Réécoutez la séquence du lundi 16 novembre 2020


Le titre «Skyfall» de la chanteuse Adèle est le premier morceau à intégrer la playlist de Manou Hoss. «J’adore Adèle et j’adore James Bond», a-t-elle souligné. «Et j’ai surtout adoré ce film», sorti en 2012, 25e film de la saga James Bond qui célébrait à ce moment-là son cinquantième anniversaire. Joan Baez et son titre «Blowing In The Wind» sont arrivés dans notre juke-box, ce mardi. «J’ai choisi ce deuxième titre, car j’aime bien la guitare», a-t-elle indiqué. «Je m’y suis un peu essayé, mais je n’étais pas pro. Mon mari est plus fort, donc il y a des soirées où il prend la guitare et où on chante ensemble. Moi, je chante moins, mais mes enfants et lui, oui. C’est très sympa».

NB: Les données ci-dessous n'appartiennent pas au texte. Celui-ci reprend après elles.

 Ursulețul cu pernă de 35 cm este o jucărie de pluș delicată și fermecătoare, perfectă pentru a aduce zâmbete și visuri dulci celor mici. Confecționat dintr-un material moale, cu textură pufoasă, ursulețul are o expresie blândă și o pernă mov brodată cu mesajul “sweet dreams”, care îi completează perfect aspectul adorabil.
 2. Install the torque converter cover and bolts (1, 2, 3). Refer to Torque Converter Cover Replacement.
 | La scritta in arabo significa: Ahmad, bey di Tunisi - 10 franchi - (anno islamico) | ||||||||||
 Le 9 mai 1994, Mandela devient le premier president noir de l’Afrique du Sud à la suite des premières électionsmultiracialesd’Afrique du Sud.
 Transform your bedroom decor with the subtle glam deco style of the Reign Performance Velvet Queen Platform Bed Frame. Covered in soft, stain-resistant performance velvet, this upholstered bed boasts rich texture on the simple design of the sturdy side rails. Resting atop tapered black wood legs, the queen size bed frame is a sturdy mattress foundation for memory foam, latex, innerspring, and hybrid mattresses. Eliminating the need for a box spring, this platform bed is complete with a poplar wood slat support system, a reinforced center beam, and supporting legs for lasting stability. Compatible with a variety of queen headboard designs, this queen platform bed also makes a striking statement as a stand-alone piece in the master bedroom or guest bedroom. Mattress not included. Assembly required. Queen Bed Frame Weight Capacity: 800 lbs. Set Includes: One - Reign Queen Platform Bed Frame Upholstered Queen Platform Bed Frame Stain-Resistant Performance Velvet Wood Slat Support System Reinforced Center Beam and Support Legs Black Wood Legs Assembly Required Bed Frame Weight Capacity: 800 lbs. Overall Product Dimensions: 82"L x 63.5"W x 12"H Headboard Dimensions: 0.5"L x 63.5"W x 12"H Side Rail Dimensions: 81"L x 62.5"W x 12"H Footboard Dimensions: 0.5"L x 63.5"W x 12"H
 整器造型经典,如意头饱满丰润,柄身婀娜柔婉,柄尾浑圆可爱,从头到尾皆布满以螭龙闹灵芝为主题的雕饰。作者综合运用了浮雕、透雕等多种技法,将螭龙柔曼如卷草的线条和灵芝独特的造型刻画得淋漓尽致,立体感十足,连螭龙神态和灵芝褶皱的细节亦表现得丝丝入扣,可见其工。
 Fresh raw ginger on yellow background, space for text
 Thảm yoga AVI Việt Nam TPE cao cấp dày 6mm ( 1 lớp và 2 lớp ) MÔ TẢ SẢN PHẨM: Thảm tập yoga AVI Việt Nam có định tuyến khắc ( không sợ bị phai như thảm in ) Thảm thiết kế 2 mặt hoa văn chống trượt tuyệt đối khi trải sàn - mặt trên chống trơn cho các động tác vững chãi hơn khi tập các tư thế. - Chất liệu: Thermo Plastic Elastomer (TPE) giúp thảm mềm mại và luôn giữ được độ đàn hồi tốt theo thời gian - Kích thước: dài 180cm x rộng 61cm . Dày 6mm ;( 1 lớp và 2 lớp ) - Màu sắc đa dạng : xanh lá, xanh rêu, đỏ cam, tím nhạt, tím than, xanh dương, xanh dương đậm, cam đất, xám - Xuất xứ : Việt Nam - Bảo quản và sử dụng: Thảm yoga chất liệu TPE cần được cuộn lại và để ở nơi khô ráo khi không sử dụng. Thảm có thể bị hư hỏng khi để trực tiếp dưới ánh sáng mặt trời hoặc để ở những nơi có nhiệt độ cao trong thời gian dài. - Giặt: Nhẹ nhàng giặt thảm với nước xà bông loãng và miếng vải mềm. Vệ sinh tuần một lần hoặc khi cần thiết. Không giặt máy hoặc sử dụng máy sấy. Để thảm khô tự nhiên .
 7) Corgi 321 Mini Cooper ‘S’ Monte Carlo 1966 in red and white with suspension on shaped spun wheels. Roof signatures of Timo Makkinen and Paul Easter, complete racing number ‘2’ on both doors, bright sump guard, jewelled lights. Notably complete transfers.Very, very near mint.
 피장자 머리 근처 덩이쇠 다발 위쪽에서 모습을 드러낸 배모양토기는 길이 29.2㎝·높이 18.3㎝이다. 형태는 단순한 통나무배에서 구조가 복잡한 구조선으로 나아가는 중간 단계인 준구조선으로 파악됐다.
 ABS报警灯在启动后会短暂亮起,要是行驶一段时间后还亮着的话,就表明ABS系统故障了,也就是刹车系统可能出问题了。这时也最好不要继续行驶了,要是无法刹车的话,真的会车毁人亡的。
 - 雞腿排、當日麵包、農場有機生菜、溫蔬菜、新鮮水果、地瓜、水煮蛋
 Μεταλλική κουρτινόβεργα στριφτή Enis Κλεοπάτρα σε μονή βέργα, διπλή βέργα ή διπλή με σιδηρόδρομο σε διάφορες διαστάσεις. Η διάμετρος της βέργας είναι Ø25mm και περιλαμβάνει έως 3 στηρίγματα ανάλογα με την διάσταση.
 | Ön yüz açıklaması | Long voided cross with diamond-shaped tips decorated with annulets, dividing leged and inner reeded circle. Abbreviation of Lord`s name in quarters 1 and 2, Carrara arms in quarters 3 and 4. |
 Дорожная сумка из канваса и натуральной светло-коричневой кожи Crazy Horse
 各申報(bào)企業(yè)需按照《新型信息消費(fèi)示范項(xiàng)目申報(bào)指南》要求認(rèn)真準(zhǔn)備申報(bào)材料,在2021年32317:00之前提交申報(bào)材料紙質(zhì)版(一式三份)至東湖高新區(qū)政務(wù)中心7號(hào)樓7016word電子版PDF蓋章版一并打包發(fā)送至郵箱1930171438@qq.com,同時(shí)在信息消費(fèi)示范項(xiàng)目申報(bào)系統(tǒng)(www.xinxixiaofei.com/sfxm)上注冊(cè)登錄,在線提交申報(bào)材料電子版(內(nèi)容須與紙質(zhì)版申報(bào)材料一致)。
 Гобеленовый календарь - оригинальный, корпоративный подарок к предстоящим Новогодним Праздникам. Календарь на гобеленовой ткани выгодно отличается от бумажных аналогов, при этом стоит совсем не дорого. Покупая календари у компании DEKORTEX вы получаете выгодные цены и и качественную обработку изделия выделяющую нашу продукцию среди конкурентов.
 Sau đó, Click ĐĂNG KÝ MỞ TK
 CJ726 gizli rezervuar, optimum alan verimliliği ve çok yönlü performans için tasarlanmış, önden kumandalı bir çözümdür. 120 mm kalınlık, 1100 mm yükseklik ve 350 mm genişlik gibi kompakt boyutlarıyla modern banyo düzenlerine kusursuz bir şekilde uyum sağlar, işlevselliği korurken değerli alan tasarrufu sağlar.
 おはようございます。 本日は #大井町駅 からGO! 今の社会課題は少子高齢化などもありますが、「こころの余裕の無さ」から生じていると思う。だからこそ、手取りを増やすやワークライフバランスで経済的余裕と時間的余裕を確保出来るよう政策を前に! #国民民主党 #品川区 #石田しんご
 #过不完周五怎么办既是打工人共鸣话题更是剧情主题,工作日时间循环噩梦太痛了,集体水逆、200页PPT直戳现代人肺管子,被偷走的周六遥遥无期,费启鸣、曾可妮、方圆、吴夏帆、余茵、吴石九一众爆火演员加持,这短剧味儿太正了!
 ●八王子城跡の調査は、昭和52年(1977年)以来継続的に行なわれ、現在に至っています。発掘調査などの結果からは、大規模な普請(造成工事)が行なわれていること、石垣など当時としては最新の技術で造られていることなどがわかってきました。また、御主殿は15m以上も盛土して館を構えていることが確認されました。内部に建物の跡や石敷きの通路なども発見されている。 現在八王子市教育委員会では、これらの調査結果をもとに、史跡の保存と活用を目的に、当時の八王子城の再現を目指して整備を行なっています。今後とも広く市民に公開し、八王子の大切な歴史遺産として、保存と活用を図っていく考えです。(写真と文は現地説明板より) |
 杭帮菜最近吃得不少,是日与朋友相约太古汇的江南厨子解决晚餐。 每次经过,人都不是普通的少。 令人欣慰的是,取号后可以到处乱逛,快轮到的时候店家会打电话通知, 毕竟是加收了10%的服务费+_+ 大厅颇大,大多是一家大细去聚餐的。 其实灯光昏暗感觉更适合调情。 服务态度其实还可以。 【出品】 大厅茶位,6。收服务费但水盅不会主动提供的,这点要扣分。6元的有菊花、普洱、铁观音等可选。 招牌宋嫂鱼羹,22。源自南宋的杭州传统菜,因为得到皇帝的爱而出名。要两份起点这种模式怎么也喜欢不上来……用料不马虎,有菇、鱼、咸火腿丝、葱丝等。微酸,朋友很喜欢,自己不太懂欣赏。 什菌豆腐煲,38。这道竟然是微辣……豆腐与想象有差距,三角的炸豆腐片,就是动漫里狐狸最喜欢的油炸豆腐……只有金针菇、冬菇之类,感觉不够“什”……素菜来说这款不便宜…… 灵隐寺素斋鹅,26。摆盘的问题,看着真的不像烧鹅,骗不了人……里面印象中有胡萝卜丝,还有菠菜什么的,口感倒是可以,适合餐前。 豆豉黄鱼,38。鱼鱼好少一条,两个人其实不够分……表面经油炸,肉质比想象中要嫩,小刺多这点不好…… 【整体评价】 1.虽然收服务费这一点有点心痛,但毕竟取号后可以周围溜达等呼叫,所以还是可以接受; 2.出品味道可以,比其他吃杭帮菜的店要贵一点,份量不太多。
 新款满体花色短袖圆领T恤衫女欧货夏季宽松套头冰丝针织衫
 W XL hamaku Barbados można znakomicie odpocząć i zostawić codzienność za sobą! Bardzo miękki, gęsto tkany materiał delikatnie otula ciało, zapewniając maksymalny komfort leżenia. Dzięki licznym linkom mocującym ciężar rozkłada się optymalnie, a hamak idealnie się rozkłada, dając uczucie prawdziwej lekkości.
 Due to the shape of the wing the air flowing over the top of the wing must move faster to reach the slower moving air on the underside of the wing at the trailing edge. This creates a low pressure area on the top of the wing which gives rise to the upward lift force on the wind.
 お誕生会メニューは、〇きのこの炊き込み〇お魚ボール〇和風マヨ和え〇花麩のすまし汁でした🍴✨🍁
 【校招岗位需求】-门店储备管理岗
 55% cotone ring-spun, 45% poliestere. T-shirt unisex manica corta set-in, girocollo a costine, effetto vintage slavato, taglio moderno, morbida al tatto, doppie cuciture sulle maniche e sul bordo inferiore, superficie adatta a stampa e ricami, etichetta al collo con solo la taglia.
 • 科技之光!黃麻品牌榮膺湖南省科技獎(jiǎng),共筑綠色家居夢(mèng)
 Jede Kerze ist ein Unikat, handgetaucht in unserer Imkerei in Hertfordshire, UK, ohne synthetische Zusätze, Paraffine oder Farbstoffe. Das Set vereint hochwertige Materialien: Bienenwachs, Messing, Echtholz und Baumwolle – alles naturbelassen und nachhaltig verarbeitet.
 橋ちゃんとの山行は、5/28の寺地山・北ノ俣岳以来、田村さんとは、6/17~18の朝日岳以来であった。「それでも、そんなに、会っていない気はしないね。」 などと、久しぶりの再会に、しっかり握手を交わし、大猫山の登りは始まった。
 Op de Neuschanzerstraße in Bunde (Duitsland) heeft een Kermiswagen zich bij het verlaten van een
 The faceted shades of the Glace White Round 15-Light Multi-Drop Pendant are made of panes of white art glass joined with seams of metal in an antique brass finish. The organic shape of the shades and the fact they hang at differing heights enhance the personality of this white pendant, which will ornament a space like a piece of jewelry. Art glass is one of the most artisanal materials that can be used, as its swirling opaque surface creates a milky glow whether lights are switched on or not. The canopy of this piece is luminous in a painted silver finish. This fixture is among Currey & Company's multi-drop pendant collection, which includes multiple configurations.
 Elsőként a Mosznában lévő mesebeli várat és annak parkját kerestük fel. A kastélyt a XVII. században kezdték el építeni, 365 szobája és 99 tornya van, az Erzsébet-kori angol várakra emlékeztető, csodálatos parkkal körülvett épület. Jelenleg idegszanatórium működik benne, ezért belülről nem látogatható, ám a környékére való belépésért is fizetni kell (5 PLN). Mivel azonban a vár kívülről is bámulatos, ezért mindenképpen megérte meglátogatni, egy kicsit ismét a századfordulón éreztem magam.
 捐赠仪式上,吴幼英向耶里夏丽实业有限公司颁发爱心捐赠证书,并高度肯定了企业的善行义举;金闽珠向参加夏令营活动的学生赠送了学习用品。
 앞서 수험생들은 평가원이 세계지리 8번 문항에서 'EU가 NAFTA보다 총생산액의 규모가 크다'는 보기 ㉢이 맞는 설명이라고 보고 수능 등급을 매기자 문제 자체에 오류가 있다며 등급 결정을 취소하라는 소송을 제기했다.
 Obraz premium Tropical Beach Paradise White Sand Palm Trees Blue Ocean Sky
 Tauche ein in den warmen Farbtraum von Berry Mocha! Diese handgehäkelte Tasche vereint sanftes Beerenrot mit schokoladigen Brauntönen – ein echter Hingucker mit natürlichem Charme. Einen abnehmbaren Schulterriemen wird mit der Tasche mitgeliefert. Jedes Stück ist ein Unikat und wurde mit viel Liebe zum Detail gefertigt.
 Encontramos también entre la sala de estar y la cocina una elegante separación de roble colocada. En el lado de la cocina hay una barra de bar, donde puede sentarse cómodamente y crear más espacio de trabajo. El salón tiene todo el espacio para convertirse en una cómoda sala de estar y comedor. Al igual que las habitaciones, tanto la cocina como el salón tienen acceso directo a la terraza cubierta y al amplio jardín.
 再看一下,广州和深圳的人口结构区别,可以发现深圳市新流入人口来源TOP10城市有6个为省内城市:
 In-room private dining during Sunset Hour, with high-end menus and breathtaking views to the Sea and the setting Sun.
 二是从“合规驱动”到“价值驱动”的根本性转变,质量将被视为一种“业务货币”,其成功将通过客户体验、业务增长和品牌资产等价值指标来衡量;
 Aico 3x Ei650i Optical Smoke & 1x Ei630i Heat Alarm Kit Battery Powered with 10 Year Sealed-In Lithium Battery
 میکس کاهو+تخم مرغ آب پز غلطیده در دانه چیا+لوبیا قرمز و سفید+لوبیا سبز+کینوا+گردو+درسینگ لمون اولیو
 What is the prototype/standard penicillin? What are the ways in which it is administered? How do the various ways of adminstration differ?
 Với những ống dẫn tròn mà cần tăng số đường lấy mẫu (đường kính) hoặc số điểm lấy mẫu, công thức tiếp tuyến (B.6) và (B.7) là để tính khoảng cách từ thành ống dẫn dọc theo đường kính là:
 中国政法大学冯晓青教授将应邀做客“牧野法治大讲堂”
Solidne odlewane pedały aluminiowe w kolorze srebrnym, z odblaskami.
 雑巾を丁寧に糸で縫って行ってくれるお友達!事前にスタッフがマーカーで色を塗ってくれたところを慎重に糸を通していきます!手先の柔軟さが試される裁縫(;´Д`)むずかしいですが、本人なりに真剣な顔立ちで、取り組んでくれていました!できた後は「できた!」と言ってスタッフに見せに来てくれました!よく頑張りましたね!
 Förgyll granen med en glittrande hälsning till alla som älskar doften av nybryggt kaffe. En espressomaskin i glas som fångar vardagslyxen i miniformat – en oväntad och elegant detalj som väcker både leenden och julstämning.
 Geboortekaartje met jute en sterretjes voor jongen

Troisième titre de la playlist de Manou Hoss: «Shallow», interprété par Lady Gaga et Bradley Cooper, en 2018. «Je trouve que Lady Gaga, c’est une femme forte», reconnaît Manou Hoss. «Elle sait ce qu’elle veut, elle est déterminée. Et j’ai adoré le film qu’elle a fait avec Bradley Cooper, «A Star is Born». Voilà, la musique est belle».

«If I were a Boy», le titre de Beyoncé est la quatrième chanson à intégrer la playlist de Manou Hoss. «Ce n’est pas que je voulais être un garçon ou un homme», corrige-t-elle rapidement. «Pas du tout, car je suis une femme comblée. Et je suis une femme maternelle. J’ai eu quatre enfants, donc je ne voulais pas être un homme, mais c’est quand même le choix de la chanson, car ce que chante Beyoncé est important et il faut l’entendre. Que l’on soit un homme ou une femme, la vie n’est pas pareille, on n’a pas les mêmes opportunités!». Emile Sandé est la cinquième et dernière artiste à monter dans la «Story» de Manou Houss, ce vendredi. « Je l’ai découverte lors des Jeux olympiques de Londres en 2012 », dit-elle. «Elle avait chanté à la cérémonie d’ouverture et je l’avais trouvé formidable. Après, j’ai eu l’occasion de la voir en concert à Luxembourg et j’ai adoré».